Backdoor Roth IRA Calculator
Calculate the tax impact of a backdoor Roth IRA conversion including the pro-rata rule if you have existing pre-tax IRA funds.
What Is a Backdoor Roth IRA? High earners above the Roth IRA income limits ($161,000 single / $240,000 married in 2024) cannot contribute directly to a Roth IRA. The backdoor strategy is a legal workaround: contribute to a traditional IRA (non-deductible), then immediately convert it to a Roth.
The Pro-Rata Rule — The Catch If you have ANY other pre-tax IRA money (rollover IRA, deductible IRA, SEP IRA, SIMPLE IRA), the IRS requires you to treat your entire IRA portfolio as one pot. You cannot pick and choose which dollars you convert.
Pro-Rata Formula Taxable % = Pre-tax balance ÷ (Pre-tax balance + All non-deductible basis) Tax owed = Conversion amount × Taxable % × Marginal tax rate
Clean Backdoor (Best Case) If you have zero pre-tax IRA balance, the conversion is 100% tax-free. This is the “clean” backdoor — the ideal scenario.

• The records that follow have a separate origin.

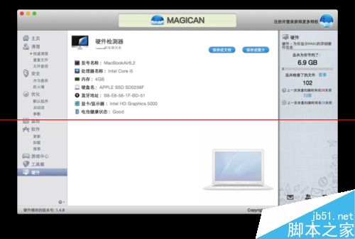 1、一般来说,各种for Mac的杀毒软件都有查看硬件的功能,如360和Magican。(本经验以Magican为例)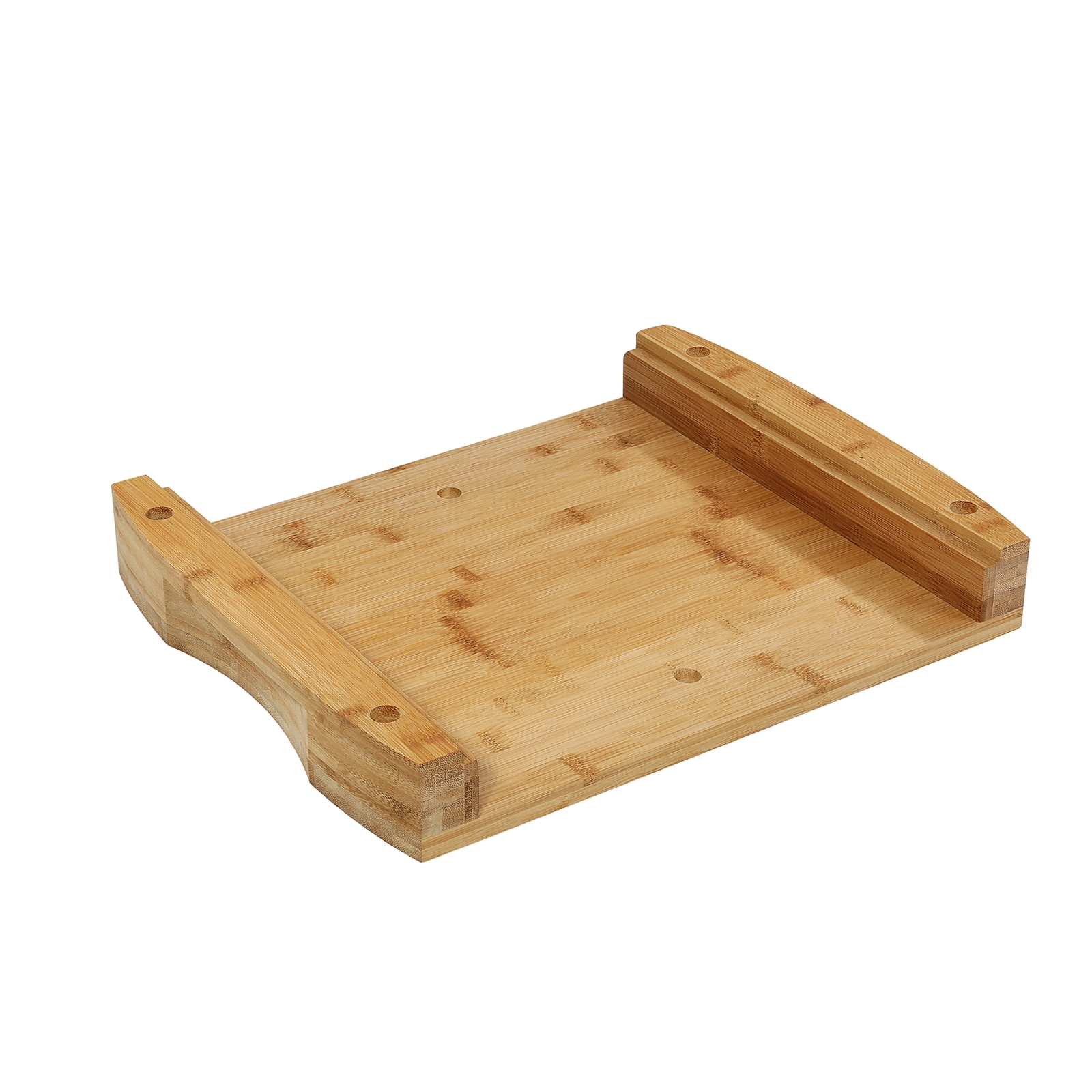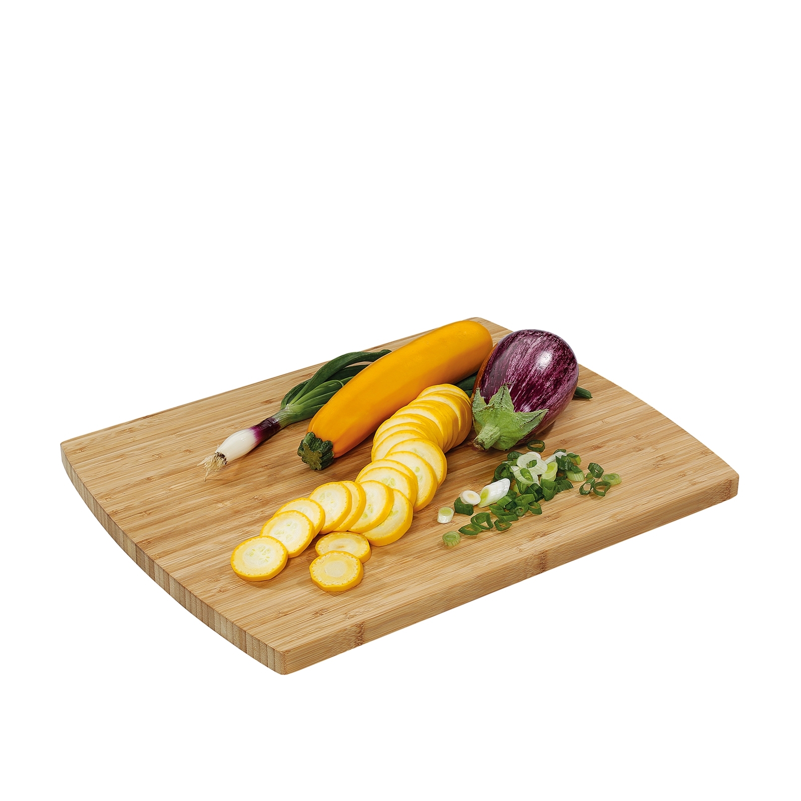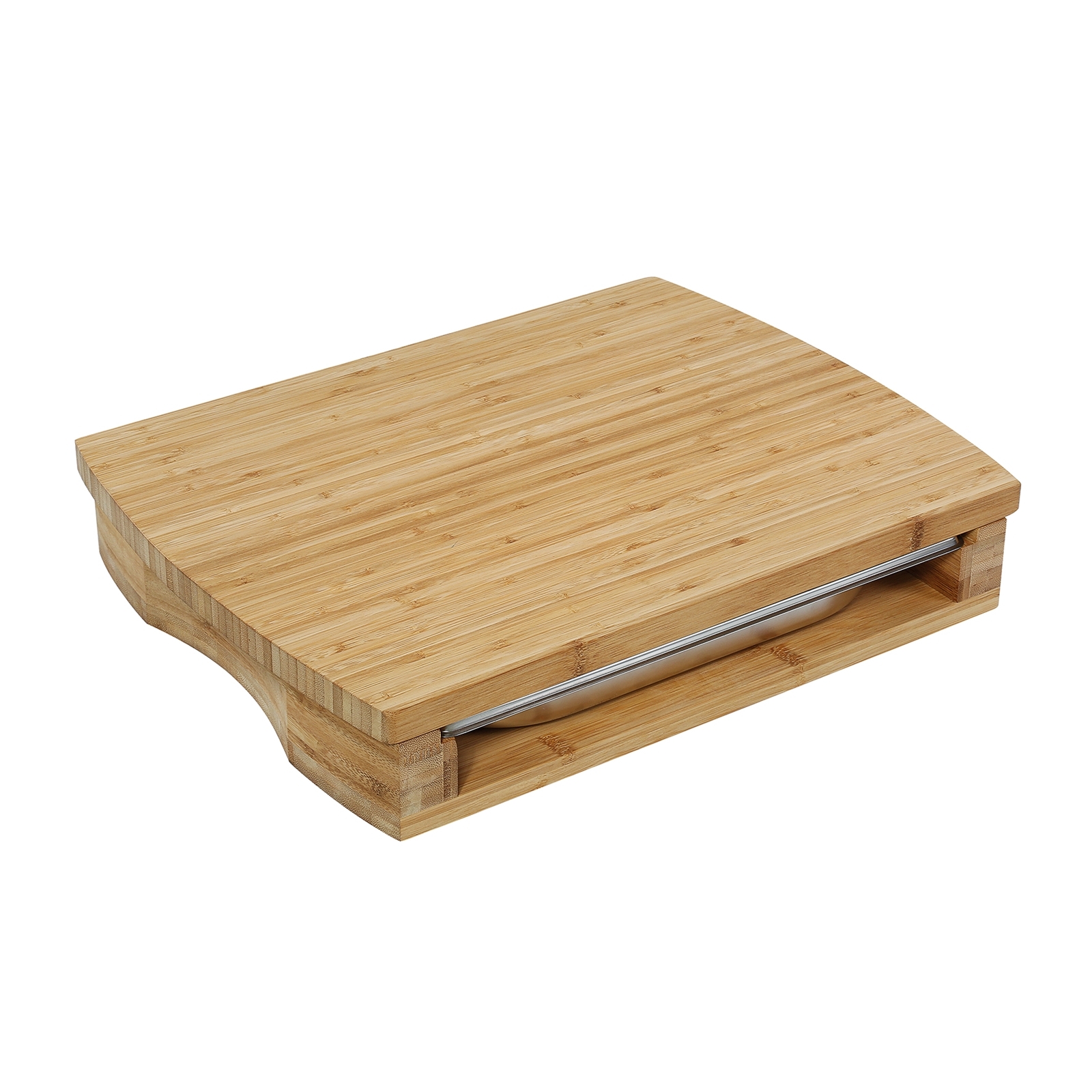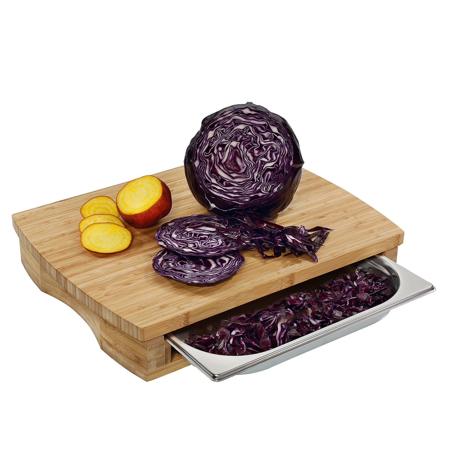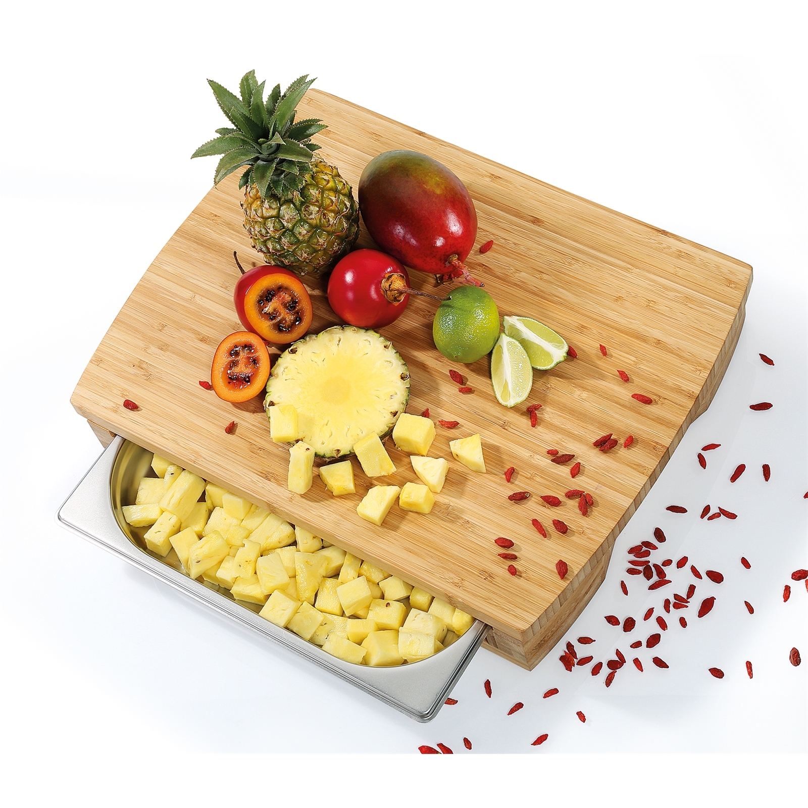 Praktisches Bambusschneidebrett mit integrierter Auffangschale aus Edelstahl. Die Griffmulden halten auch Teller und Schüsseln fest.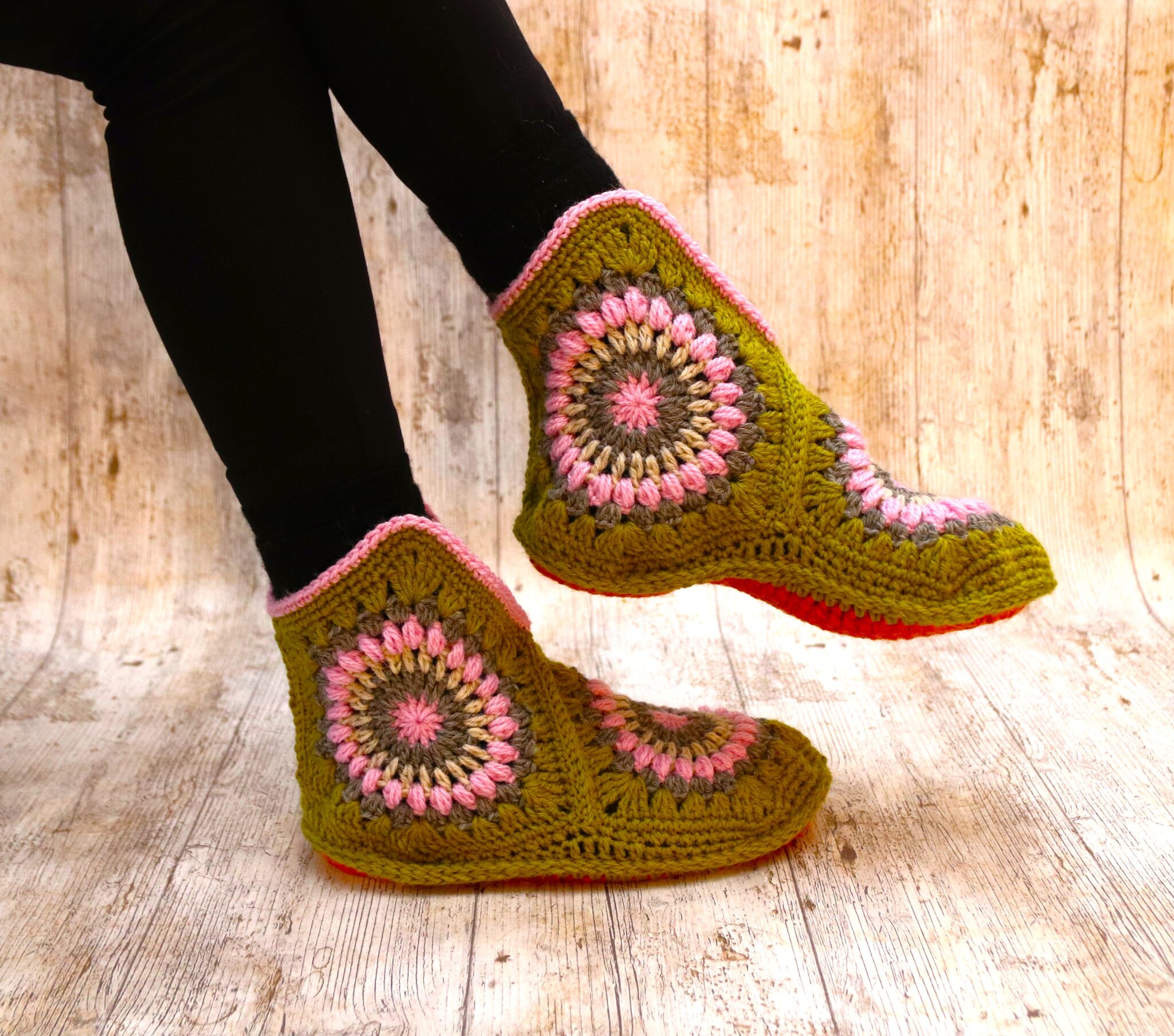 Virkatut isoäidinkuusikulmiotossut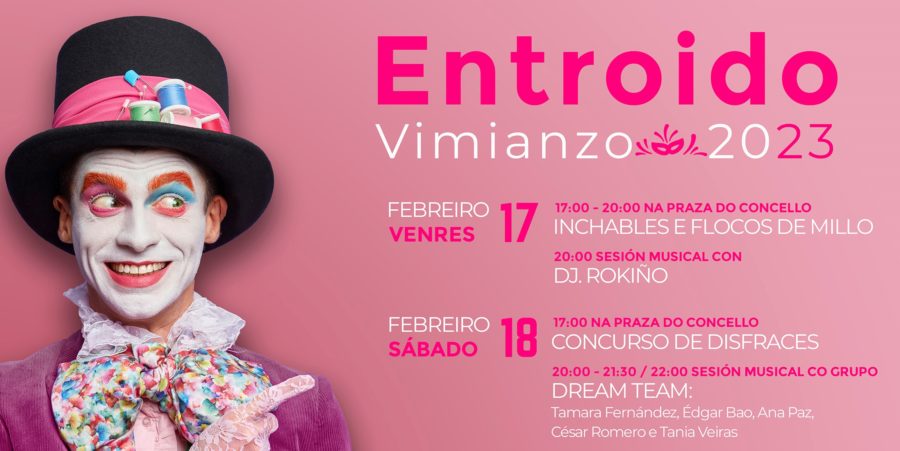 El sábado 18 será el día grande con el concurso de disfraces a partir de las 17:00 horas. Tendrá lugar en la plaza del Ayuntamiento donde, de 20:00 a 22:00 horas aproximadamente, habrá actuaciones musicales a cargo del Dream Team formado por los artistas Tamara Fernández, Ana Paz y César Romero (integrantes de la orquesta Cinema), Tania Veiras y Édgar Bao (La Voz Kids). Además, a las 21:30 horas el vimiancés DJ Rokiño presentará so segundo tema.

Example with Pro-Rata You contribute $7,000 non-deductible. But you also have $63,000 in a rollover IRA. Total IRA assets = $70,000. Pre-tax = $63,000. Taxable % = $63,000 / $70,000 = 90%. Tax on $7,000 conversion = $7,000 × 90% × 32% = $2,016.
Solution: Roll It Out If your employer plan accepts incoming rollovers, move the pre-tax IRA balance there first. Then do the backdoor conversion with zero pre-tax IRA balance.